TASK STATEMENT: Quote only the span from the first line of the entries to the line containing "NIKE耐克2025中性U J EVERYDAY", both ends kept. Leave every picture out.

(Records excerpted from a collection)
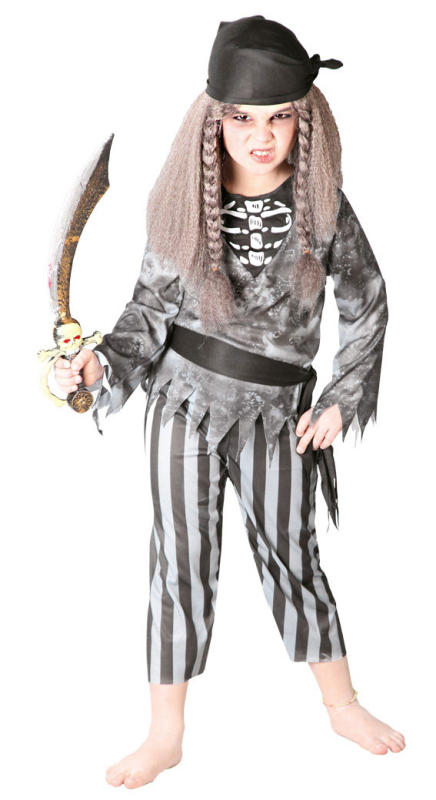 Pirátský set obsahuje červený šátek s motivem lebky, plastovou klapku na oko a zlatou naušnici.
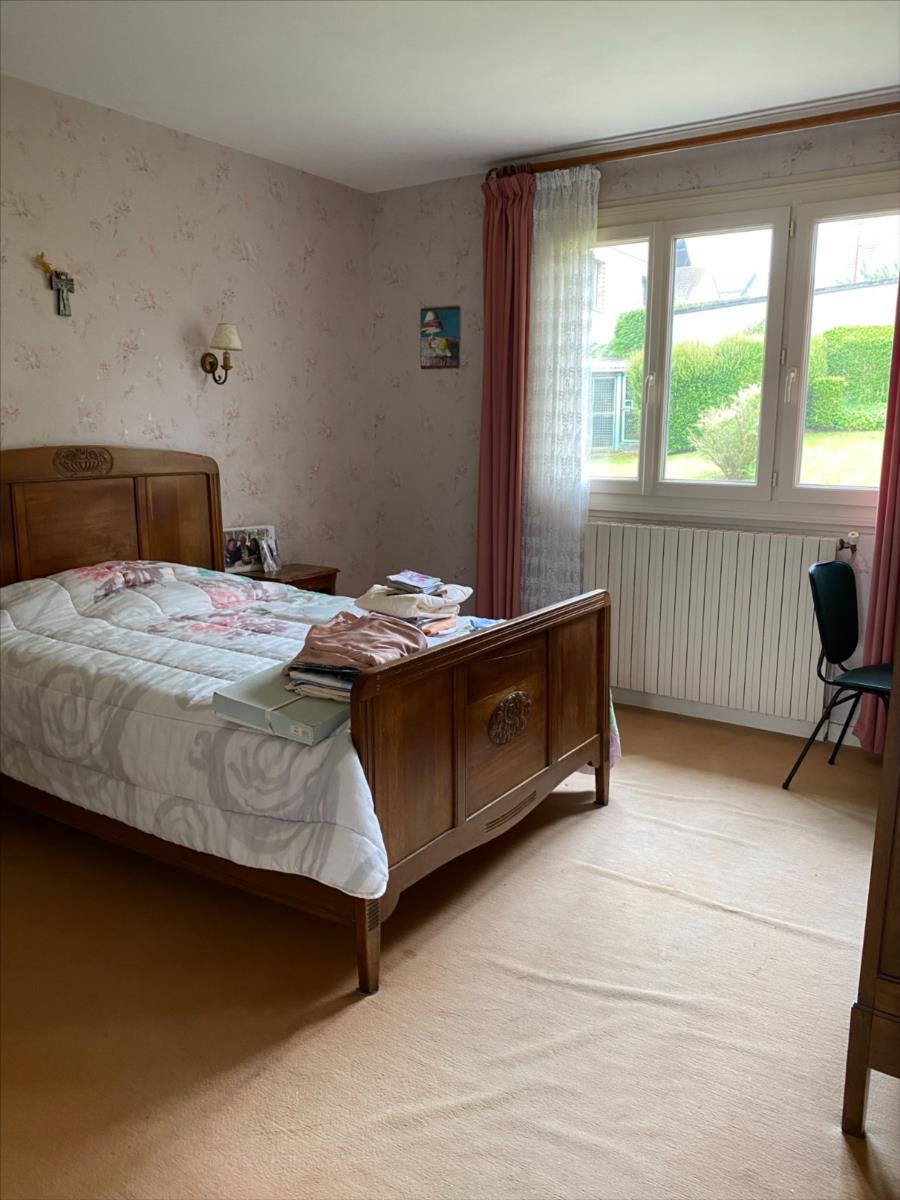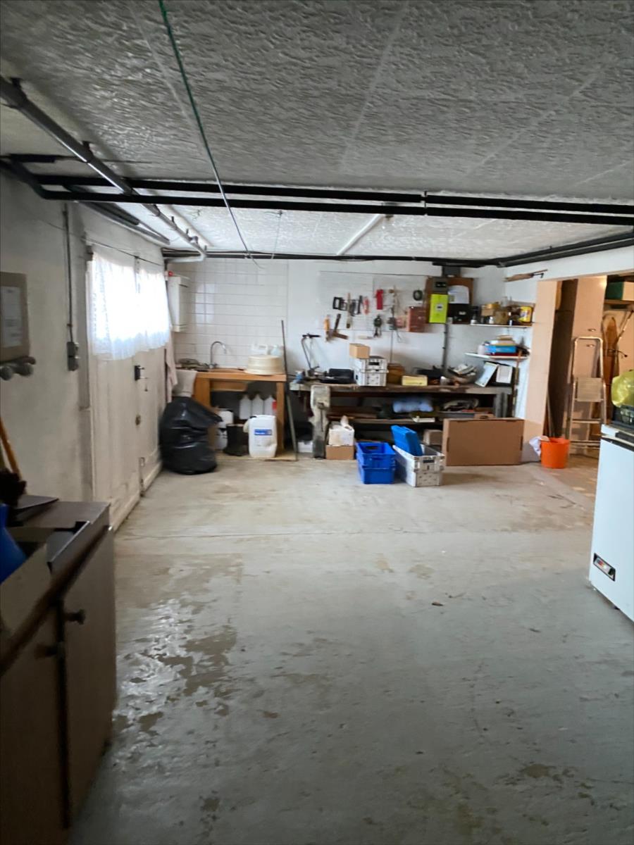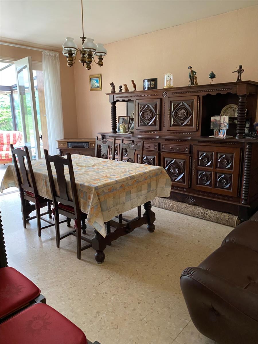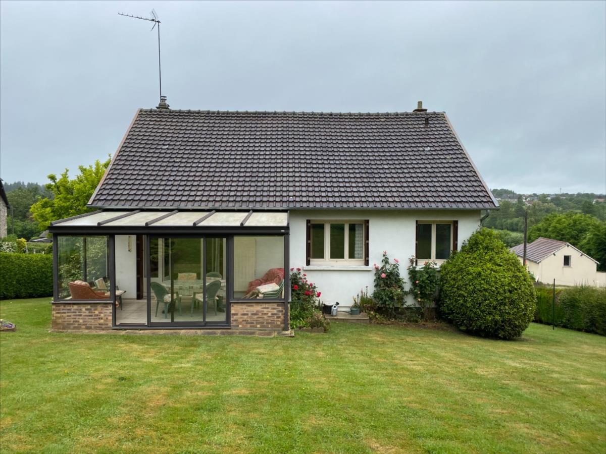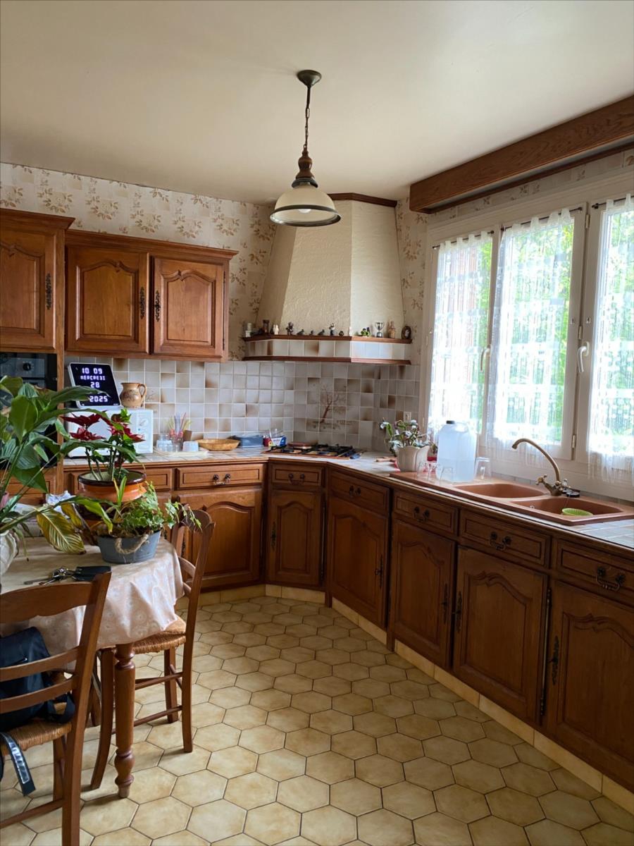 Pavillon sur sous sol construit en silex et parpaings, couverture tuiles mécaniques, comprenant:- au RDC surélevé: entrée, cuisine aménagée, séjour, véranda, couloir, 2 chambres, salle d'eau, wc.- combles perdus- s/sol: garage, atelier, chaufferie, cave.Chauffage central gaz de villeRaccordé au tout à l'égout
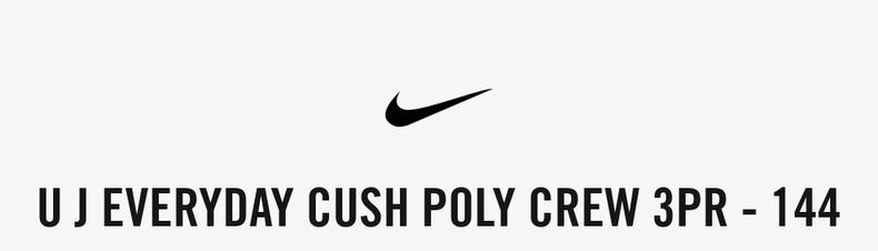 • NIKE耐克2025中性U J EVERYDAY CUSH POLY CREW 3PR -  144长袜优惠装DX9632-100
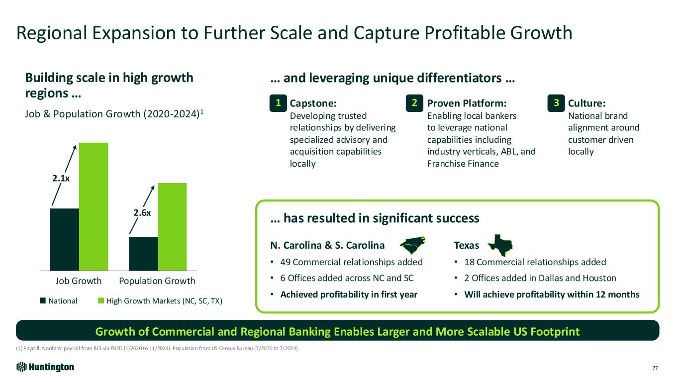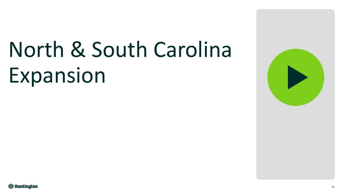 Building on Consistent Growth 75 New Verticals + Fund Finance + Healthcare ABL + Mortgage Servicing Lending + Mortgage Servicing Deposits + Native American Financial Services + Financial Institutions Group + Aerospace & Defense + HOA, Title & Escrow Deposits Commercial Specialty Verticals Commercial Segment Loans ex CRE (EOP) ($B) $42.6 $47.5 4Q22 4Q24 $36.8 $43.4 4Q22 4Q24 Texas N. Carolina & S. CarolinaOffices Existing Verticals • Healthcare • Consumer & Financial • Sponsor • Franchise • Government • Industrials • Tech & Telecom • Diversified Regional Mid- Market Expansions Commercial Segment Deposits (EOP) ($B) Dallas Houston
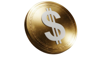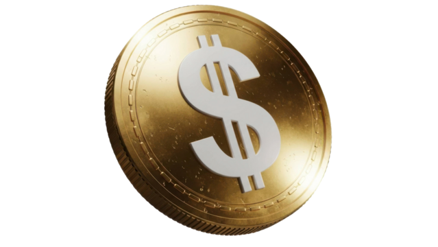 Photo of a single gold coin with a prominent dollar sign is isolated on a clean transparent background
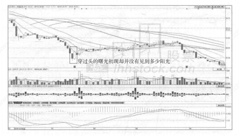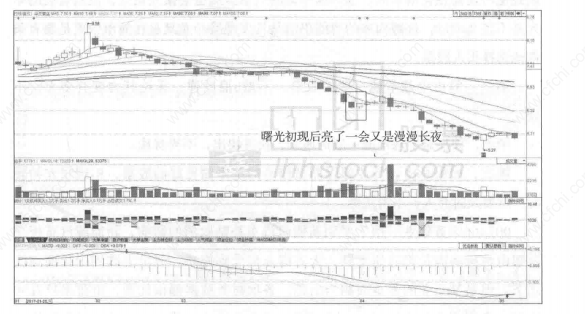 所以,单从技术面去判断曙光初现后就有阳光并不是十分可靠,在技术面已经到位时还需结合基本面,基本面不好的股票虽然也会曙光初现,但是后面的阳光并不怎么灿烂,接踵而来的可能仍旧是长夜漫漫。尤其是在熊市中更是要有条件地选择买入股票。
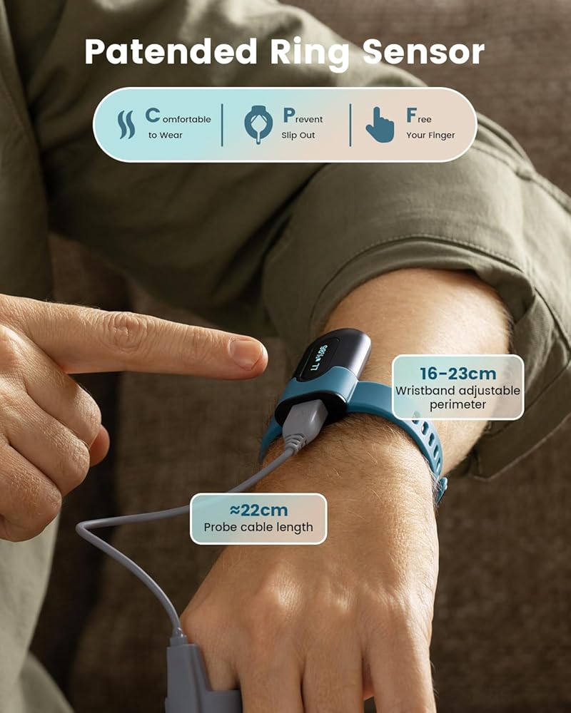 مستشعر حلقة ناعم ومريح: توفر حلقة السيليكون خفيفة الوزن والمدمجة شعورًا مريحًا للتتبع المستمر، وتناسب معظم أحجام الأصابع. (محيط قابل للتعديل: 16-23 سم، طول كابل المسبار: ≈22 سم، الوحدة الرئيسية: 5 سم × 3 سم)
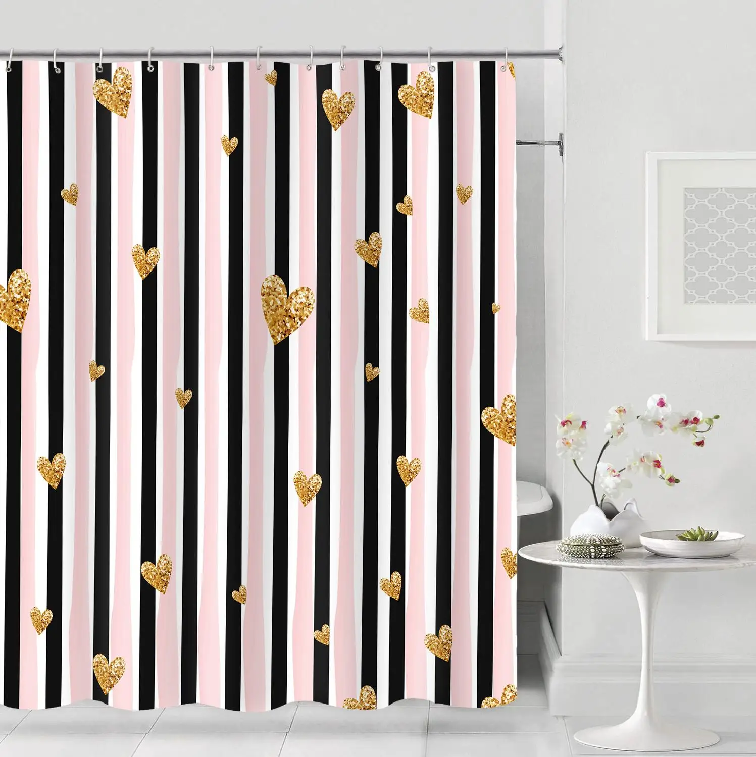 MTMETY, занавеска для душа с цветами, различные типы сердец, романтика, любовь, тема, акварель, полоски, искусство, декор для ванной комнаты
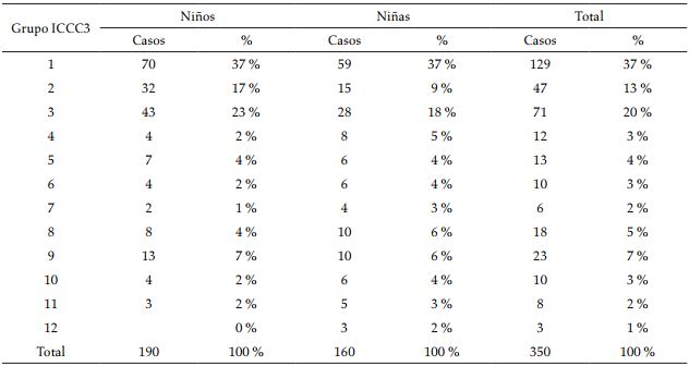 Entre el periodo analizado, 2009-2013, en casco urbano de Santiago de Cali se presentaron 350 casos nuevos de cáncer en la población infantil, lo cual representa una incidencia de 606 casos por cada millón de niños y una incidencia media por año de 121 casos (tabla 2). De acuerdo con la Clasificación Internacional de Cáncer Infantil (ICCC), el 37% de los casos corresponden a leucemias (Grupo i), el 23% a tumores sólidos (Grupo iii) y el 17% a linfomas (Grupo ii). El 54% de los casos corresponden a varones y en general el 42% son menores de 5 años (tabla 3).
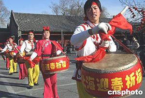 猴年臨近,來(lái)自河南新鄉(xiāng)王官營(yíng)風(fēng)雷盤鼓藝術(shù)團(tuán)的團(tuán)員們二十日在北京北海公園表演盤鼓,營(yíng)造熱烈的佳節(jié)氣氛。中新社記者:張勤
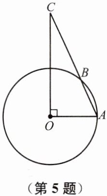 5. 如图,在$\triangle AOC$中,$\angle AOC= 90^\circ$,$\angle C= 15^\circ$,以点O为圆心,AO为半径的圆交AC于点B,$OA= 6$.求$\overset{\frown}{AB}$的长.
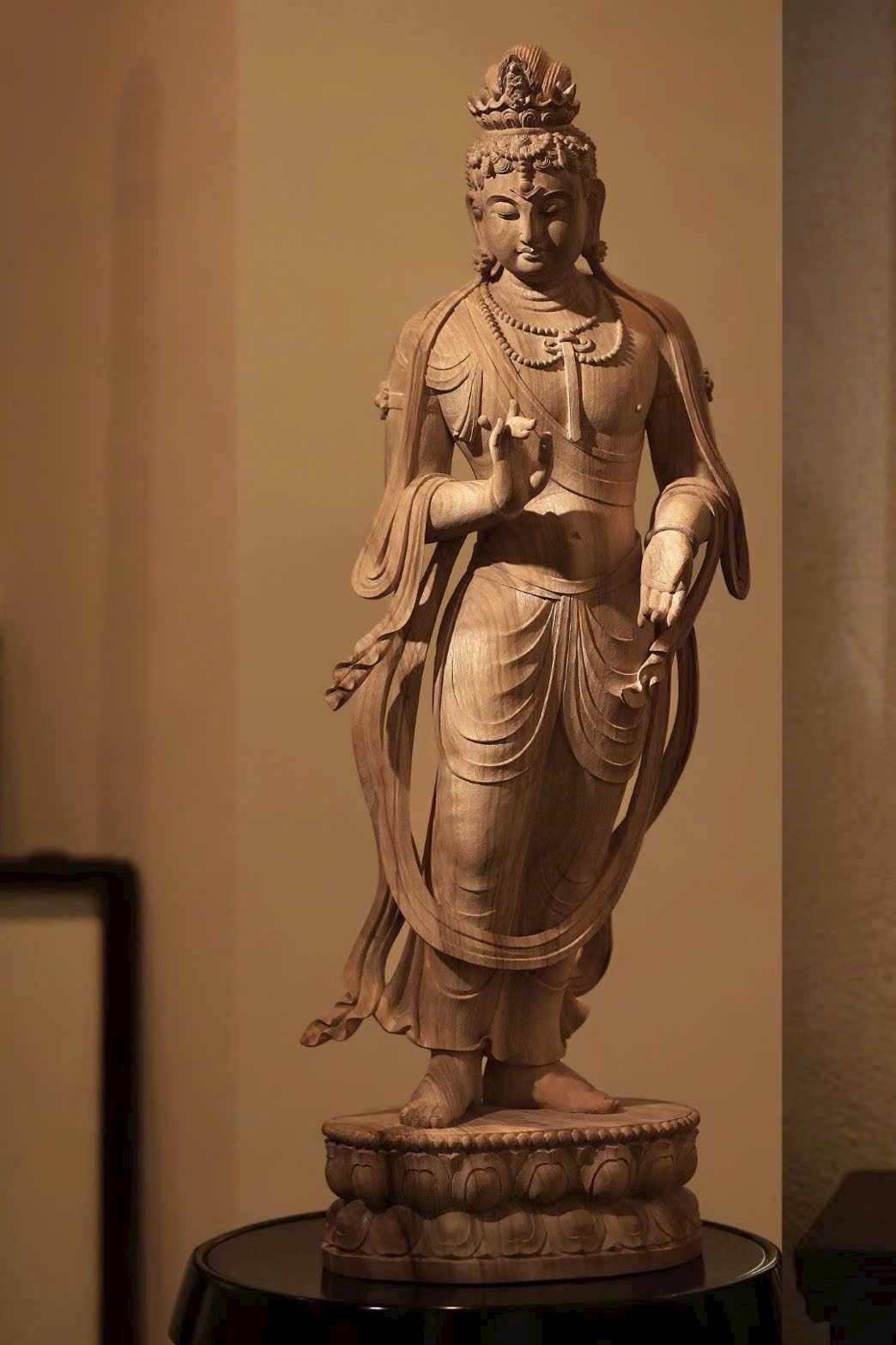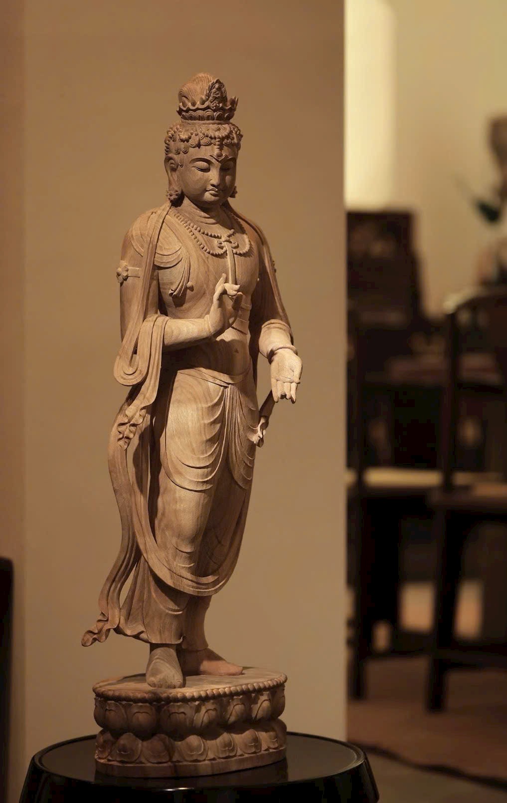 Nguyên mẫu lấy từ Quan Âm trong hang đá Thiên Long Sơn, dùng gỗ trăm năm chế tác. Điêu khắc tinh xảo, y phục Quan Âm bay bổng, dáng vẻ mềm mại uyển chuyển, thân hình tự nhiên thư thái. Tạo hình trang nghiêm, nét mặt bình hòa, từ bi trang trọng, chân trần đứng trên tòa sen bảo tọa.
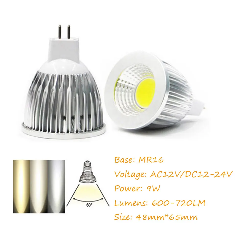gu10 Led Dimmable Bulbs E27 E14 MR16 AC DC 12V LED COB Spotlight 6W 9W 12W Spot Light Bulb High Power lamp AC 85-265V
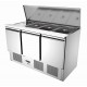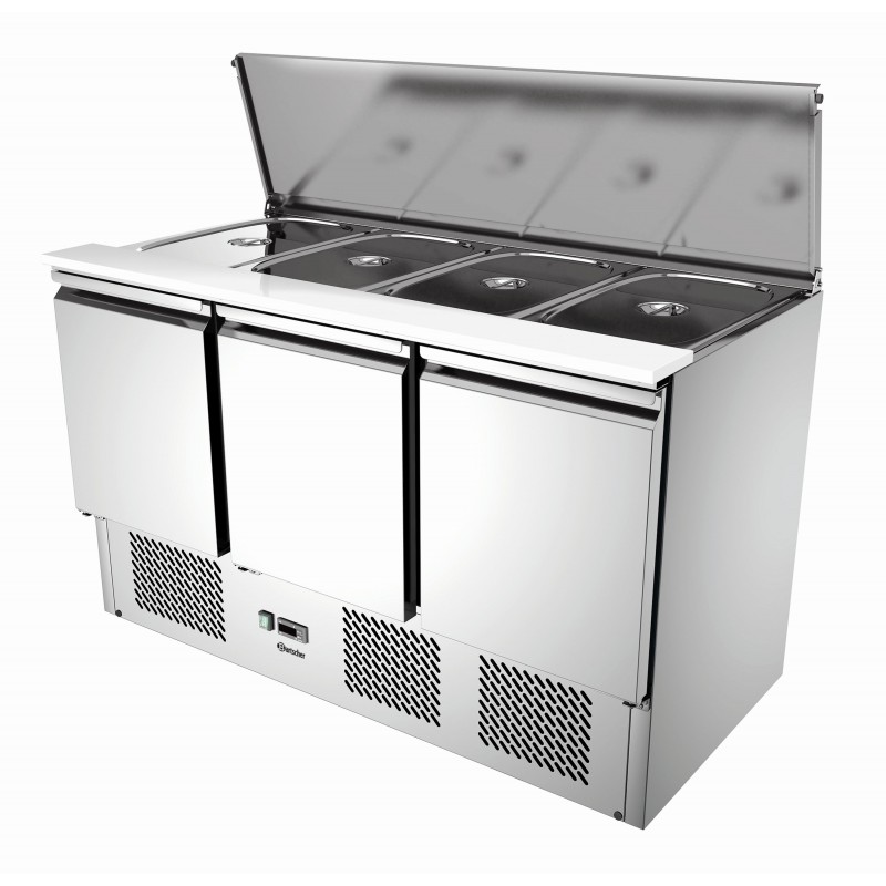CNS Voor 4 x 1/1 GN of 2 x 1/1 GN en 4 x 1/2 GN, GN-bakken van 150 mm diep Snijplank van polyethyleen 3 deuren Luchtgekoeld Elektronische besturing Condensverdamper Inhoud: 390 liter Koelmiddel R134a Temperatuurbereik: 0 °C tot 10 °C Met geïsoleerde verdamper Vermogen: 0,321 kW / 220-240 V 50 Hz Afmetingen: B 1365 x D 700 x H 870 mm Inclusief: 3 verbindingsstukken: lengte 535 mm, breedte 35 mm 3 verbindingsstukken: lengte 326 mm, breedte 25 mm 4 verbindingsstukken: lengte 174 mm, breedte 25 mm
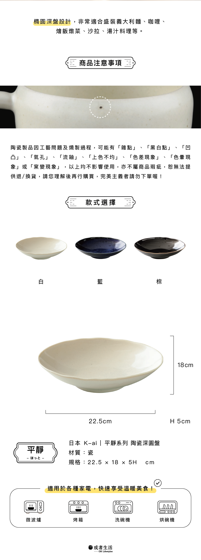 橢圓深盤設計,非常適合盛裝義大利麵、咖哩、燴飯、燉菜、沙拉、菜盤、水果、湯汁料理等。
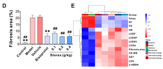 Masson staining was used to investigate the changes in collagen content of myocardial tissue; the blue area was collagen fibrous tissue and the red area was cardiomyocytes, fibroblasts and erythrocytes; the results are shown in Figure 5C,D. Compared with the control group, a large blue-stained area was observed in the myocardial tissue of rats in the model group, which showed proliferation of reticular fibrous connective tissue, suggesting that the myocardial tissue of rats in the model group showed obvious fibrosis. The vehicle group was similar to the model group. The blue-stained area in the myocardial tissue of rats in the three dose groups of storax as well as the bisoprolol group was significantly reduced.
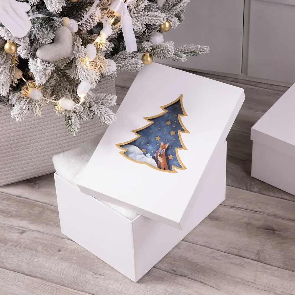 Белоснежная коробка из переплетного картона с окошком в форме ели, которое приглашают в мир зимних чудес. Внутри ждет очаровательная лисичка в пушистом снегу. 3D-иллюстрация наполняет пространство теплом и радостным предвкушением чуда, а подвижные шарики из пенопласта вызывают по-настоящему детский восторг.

SOLUTION TO THE PROBLEM:
 Pirátský set obsahuje červený šátek s motivem lebky, plastovou klapku na oko a zlatou naušnici.
 Pavillon sur sous sol construit en silex et parpaings, couverture tuiles mécaniques, comprenant:- au RDC surélevé: entrée, cuisine aménagée, séjour, véranda, couloir, 2 chambres, salle d'eau, wc.- combles perdus- s/sol: garage, atelier, chaufferie, cave.Chauffage central gaz de villeRaccordé au tout à l'égout
 • NIKE耐克2025中性U J EVERYDAY CUSH POLY CREW 3PR -  144长袜优惠装DX9632-100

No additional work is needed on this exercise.